Слушая исповедь мудрого шофера, Егор Васильевич обнаружил в себе растущее сопротивление. Словно проволокой обмотали его душу и подключили к ней ток. Гудело все внутри живота, булькало в голове.
«Что–то должно произойти», — мелькнула в голове шальная мысль.
— Позвольте… — обратился он к шоферу. — Еще пять минут назад…я бы, пожалуй, и согласился…но, жизнь порой преподносит нам…немыслимые, я бы даже сказал, удивительные… несоответствия… приятного даже толка…
Шофер дико вильнул к бордюру, на полном ходу еще, с третьей передачи ударил по тормозам, отчего машину развернуло поперек дороги, и вперился в Егора Васильевича ненавидящим взглядом.
— Ты, блядь, послушай меня, послушай, — зашептал он, сопровождая каждое свое слово звериным придыханием. — Я тебе расскажу за жизнь и вообще за всю эту хуйню. Я когда в третьем классе был, мы во дворе играли, в мушкетеров. Так мне, блядь, как раз выпало играть за гвардейцев, а это то же самое, что за фашистов, понимаешь? Это полная хуйня, и тебя все чморят. И вот, стою я посреди двора, одетый в эти ебаные картонные коробки из–под телевизоров, на которых мы рисовали кресты, и типа это были доспехи, и жду когда же на нашу халабуду начнется атака. Я малый был совсем, меня все время ставили в караул. А сами, суки, в этой халабуде порнуху смотрели. Такие, знаешь, черно–белые карты порнушные. Помню еще, солнышко припекает, небо голубое, ни облачка. Засмотрелся я, блядь, на это небо, и так, знаешь, спокойно мне было, хорошо. А надо мной, на третьем этаже, соседка, старуха уже совсем, белье вешает… И вот, понимаешь, блядь, на моих глазах бабка эта перегнулась слишком сильно через перила и хлоп, прямо под ноги мне. На живот.
Шофера затрясло.
Она… как взорвалась вся… изнутри. Все это… гадость вся эта из нее, как из жабы, что ногой раздавишь, выплеснулась. На меня. Знаешь, она ведь не умерла сразу–то. Лежала под моими ногами, как шарик спущенный, и стонала. И я… стою над ней, ногами пошевелить не могу, будто прибили меня к асфальту, а над головой слышу… шепот отовсюду, как прибой морской. Поднял я голову… Со всех балконов люди смотрят. И в глазах такое… удовлетворение. Минут пять она стонала, а я над нею стоял, как на часах. Потом уж, помню, меня оттаскивали, я орал что–то, сопротивлялся…
Шофер опустил глаза и тихо заскулил:
— Ничего никто не стоит. Я ничего не сделал, ты ничего не сделал, они вон, на улице, тоже ничего не сделали. Все сдохнуть должны.
Егор Васильевич посмотрел на шофера и внезапно все понял.
Зачем ему объяснять, этому тупому куску мяса, что есть жизнь и предназначение?
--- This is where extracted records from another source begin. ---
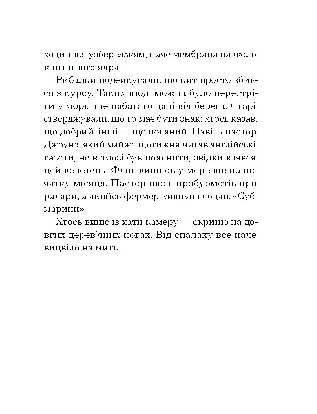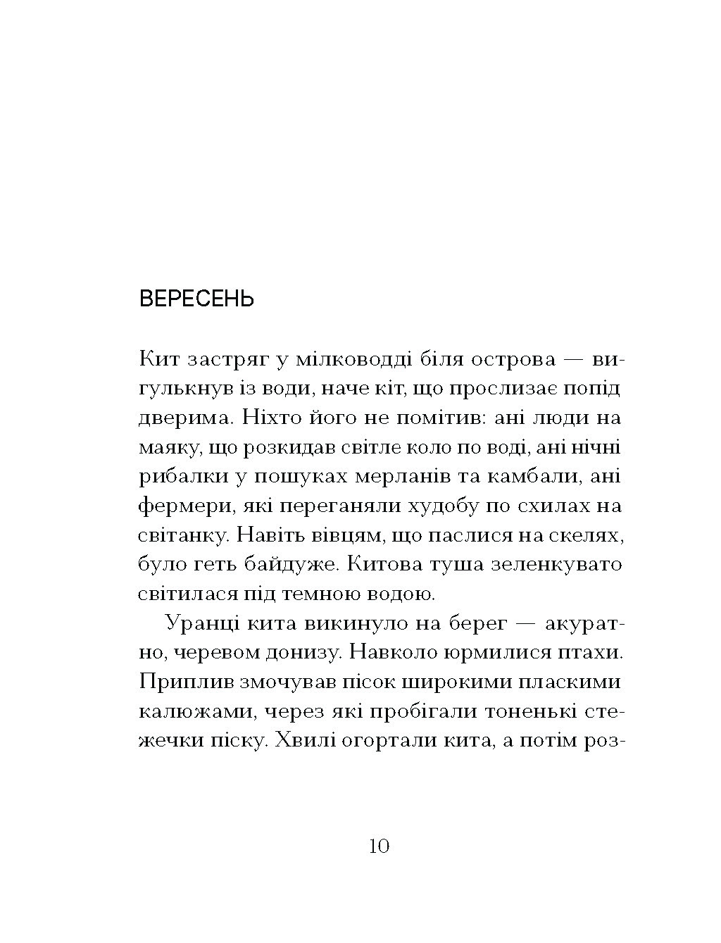 Вісімнадцятирічна Манод у 1938 році живе з батьком та молодшою сестрою на віддаленому острові біля узбережжя Вельсу. В оточенні вівчарів та рибалок, щодня спостерігаючи порожні, покинуті домівки, дівчина намагається уявити своє майбутнє. Одного дня на суворий, вишмаганий вітрами берег викидає кита, Це зумовлює як хвилю забобонних чуток, так і приїзд двох антропологів з великої землі.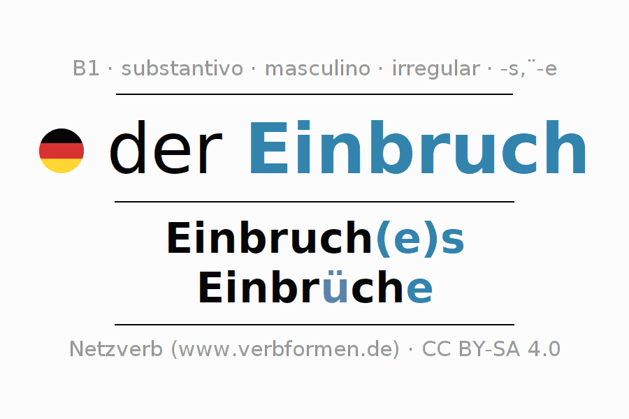 Declinação de Einbruch é apresentada em uma tabela com todas as formas no singular e no plural (plural) e em todos os quatro casos: nominativo (1º caso), genitivo (2º caso), dativo (3º caso) e acusativo (4º caso) . Especialmente para os alunos de alemão, a correta declinação da palavra Einbruch é fundamental.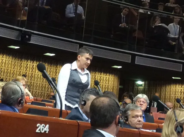 Надія Савченко 20 червня прибула для участі в робочому засіданні групи Європейської народної партії в рамках пленарного засідання ПАРЄ. Члени Парламентської асамблеї Ради Європи зустріли її гучними оплесками.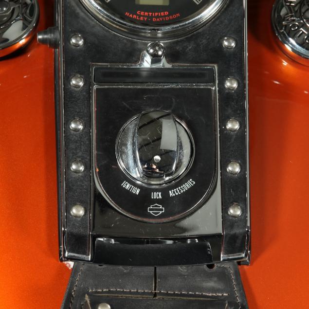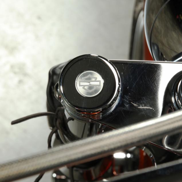 With a twin cam 88 cubic inch V-Twin engine with what appears to be a Screamin Eagle Bolt-On 110 Cubic Inch Street Performance Kit, and a five-speed manual transmission. With S&S Performance parts added, as well as Performance Machine brakes.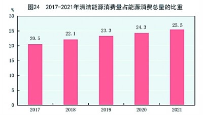 初步核算,全年能源消費(fèi)總量52.4億噸標(biāo)準(zhǔn)煤,比上年增長(zhǎng)5.2%。煤炭消費(fèi)量增長(zhǎng)4.6%,原油消費(fèi)量增長(zhǎng)4.1%,天然氣消費(fèi)量增長(zhǎng)12.5%,電力消費(fèi)量增長(zhǎng)10.3%。煤炭消費(fèi)量占能源消費(fèi)總量的56.0%,比上年下降0.9個(gè)百分點(diǎn);天然氣、水電、核電、風(fēng)電、太陽(yáng)能發(fā)電等清潔能源消費(fèi)量占能源消費(fèi)總量的25.5%,上升1.2個(gè)百分點(diǎn)。重點(diǎn)耗能工業(yè)企業(yè)單位電石綜合能耗下降5.3%,單位合成氨綜合能耗與上年持平,噸鋼綜合能耗下降0.4%,單位電解鋁綜合能耗下降2.1%,每千瓦時(shí)火力發(fā)電標(biāo)準(zhǔn)煤耗下降0.5%。全國(guó)萬(wàn)元國(guó)內(nèi)生產(chǎn)總值二氧化碳排放[78]下降3.8%。(見(jiàn)圖24)

К чему тратить священные секунды на сизифов труд? Нет времени на слова! Он и так слишком долго спал!
— Коооо–коооо–коооо! — зарокотал он глухо.
Шофер изумленно уставился на него. Изумление, впрочем, уступило место ужасу, когда на его глазах сквозь дряблую кожу лица старика пробились первые перья.
— Кооооо! — грохотал Егор Васильевич, обрастая перьями. Предначертание, управляя телом его, свело руки воедино, ломая кости, лепя из пластилина плоти новую совершенную скульптуру. С отчетливым треском изменился и череп его, сужаясь посередине, вытягиваясь в коническую форму. Хрящи носа затвердели, преобразуясь в острый клюв.
— Кооо! — ревел он, и руки его, уже не руки, но гигантские крылья, не находя больше места в тесном салоне, хаотично метались вверх–вниз, то и дело задевая визжащего шофера.
Ноги его укорачивались, кости плавились, пальцы на ногах, напротив, удлинялись, ногти, сталью наливаясь, обращались в когти.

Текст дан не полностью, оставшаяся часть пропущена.